Yeah it looks pretty ridiculous definitely will be a short lived project.
This will use a Pi 4 with 2 steppers to auto zoom a trained model of an rc plane. The Pi 4 and lens will be on one side, while the batteries will be on the other side. Designed to attach to the sides of the hat.
The ideal plan would be to have presets eg. delta, flying wing or standard. You would film your plane and label photos of it for training.
Voice command would also be nice but for now I will go with an OLED display and some tactile buttons for field control.
This will be a long-term project. I just started designing the zooming bit.
This is just a 8-50mm lens so I'm not sure how far away I can zoom, my model airplane has a 1.5m wingspan so it's not small but even a 200mm lens on a full frame sensor is not enough to zoom in.
So I need a way to control the zoom with my voice.
I tried some different libraries initially eg. sphinx and vosk but they were bad in terms of accuracy.
Also I was probably using them for the wrong thing (not intent).

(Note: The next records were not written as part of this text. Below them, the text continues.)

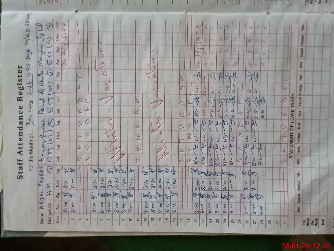 | CNIC | Full Name | Designation | R/C | Absence During Last Calender Month |
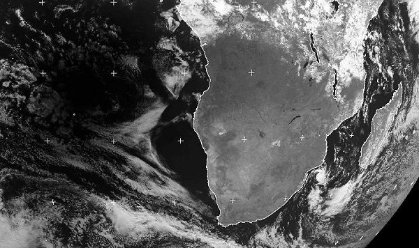 Not a cloud over Zambia and Zimbabwe at 12.00UT. Approaching shadow left of centre
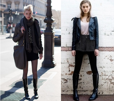 또한 박시한 상의, 짧은 하의에 타이트한 가죽 롱부츠를 매치한다면 섹시한 연출도 가능하죠!
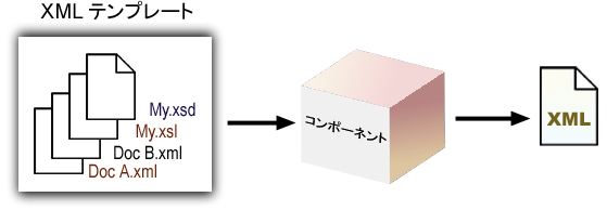 XMLテンプレートは、Composerで作成され、 前に説明したように、コンポーネントで使用できるファイルのセットを構成するサンプルドキュメント、ドキュメント定義、およびXMLスタイルシートが含まれます。 XMLテンプレートは、コンポーネントの設計段階の早い時点で作成し、作成するコンポーネントの入力および出力を指定するために使用します。

Someone mentioned picovoice to me and that's what I'm using now.
I got a model of two intents: ZoomIn and ZoomOut (for the utterance Zoom in and Zoom out)
I got this running locally, verified it works offline (since it requires an access key) by turning wifi off.
Then I paired it with the stepper control
See recent video/demo below
My code flow/architecture is still garbage at this point, still bridging things.
The display for example is messed since it needs a single instance and I have to propagate that all the way down.
I added battery life tracking too (based on max measured uptime and CRON 5min increment). I also went away from the box drawn around the active choice in the menu to color, since the box has to be drawn one piece at a time (4 draw calls) with the current code I'm using.
I also fixed an audio issue, in the above you can kind of see that the 3.5mm audio jack plug does not have a ground going to the speaker, that was causing my constant buzzing/hissing issue.
It got really bad when the speech intent listener loop was running.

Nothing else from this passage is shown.